[Exercise]: Could you output exactly the lines running from the one containing "Tên sản phẩm: Bộ" to the final line of the listing below, leaving out pictures?

[Information provided]:
++++

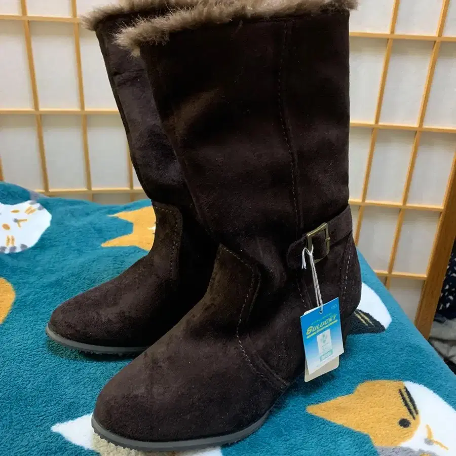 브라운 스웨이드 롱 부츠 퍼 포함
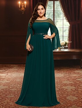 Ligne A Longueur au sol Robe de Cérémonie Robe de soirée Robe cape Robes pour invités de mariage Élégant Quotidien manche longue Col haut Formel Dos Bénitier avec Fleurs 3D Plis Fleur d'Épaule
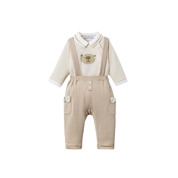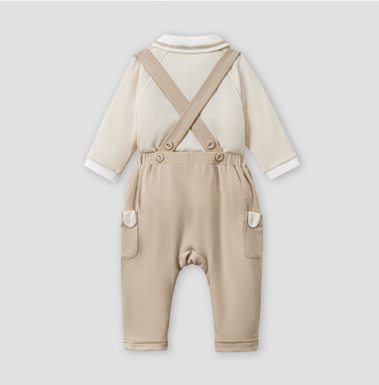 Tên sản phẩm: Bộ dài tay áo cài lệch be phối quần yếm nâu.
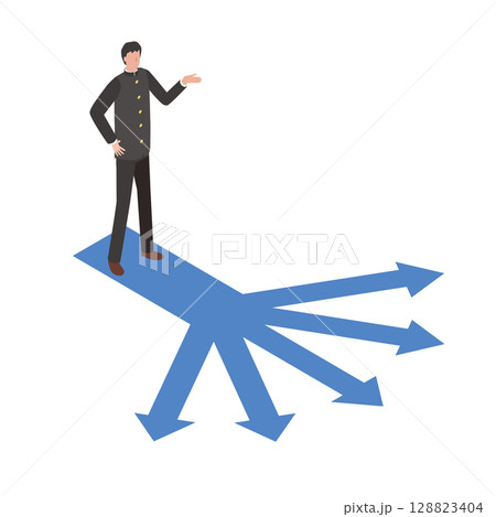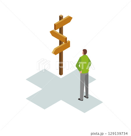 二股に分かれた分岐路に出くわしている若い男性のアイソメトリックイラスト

++++

[Response below]:
 Tên sản phẩm: Bộ dài tay áo cài lệch be phối quần yếm nâu.
 二股に分かれた分岐路に出くわしている若い男性のアイソメトリックイラスト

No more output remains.